胸郭出口症候群とは、胸郭出口における神経や血管の圧迫に基づく一連の症候群をいいます。
胸郭出口は第1肋骨、鎖骨、前斜角筋などによって構成され、この部を通る鎖骨下動静脈や神経が圧迫されることがあり、
頚肋があると特に発症しやすいとされています。
圧迫部位が特定される場合は、頚肋症候群、肋鎖症候群、斜角筋症候群と呼ばれることがあります。
胸郭出口症候群の主な症状
肩こり、肩から上肢のしびれ、痛み、だるさ、易疲労性。
鎖骨下動脈の圧迫が持続すると血管の攣縮を引き起こし、皮膚の蒼白、冷感などレイノー現象が発生します。
頚肋症候群
頚肋とは、第7頚椎にしばしば存在する不完全な肋骨のことです。
頚肋が腕神経叢や鎖骨下動脈を圧迫して、肩甲部のいたみ、上肢のしびれ、痛み、だるさなどの症状を起こすことがあります。
この頚肋に起因する症候群を頚肋症候群といいます。
肋鎖症候群
肋鎖症候群とは、第1肋骨と鎖骨の間で神経・血管が圧迫されるために起こる症候群です。

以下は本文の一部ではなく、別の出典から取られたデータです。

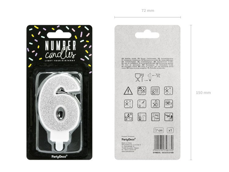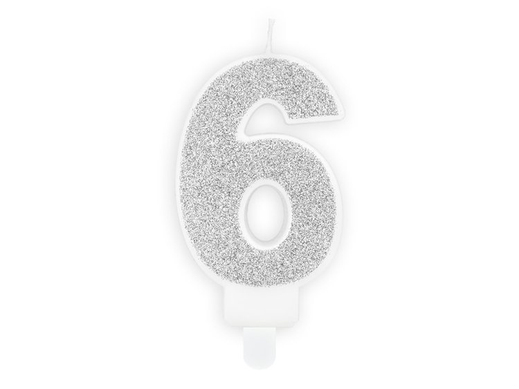 Świeczka urodzinowa Cyferka 6 w kolorze srebrnym brokatowym, rozmiar ok. 7 cm.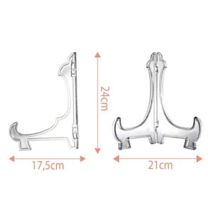 Kit 6 Peças Suporte Para Pratos Acrílico Transparente 24CmDescrição:Suporte de 24cm com travinha de segurança é super leve, dobrável e cabe em qualquer cantinho, ideal para decoração de sala, quarto, home-office ou escritório.Utilize no Rack, estante, painel de TV, mesa de cabeceira, mesas, buffets, prateleiras e aparadores.-ideal para pratos decorativos, quadros, azulejos personalizados, porta-retratos, LP's, e muito mais outros itens;-utilize o suporte para apoiar e exibir aquele Livro ou Revista que estão guardados e que você tanto gosta;-relembre aos momentos, pegue aquele LP que marcou época e utilize na estante para decorar e encantar os familiares;-decoração com discos de vinil está super em alta porque o ambiente fica moderno e descolado;-pode ser utilizado para expor produtos em Vitrine de lojas;Dica: O truque é você aproveitar itens guardados para decorar, contar uma história e relembrar de bons momentos.Utilizar Lp's, Livros, Revistas, Azulejos Decorativos, Quadrinhos e porta-retratos na decoração é super tendência.Caraterísticas:Altura: 24cmComprimento:17,5cmPeso: 118gConteúdo:- 6 x Suporte em Acrílico Transparente

症状は、肩こり、肩甲部の痛み、上肢のしびれ、だるさ、痛みなどで、
神経症状は、比較的下位の神経幹が圧迫されることが多いため、上腕内側、前腕、手部尺側(小指側)に出やすいです。
斜角筋症候群
斜角筋症候群とは、前斜角筋、中斜角筋および第1肋骨で形成される斜角筋三角部において、神経や鎖骨下動脈が圧迫されるために起こる症候群です。
症状は、肩から上肢の痛みやしびれが多く、他に知覚異常、筋力低下、上肢の血行障害などです。
前斜角筋を緊張させるような動作で増強します。
筋力低下や筋委縮は主に手の小筋群にみられ、血行障害は上肢の脈拍の減弱、皮膚温低下、血圧の低下、チアノーゼ、レイノー現象などを起こします。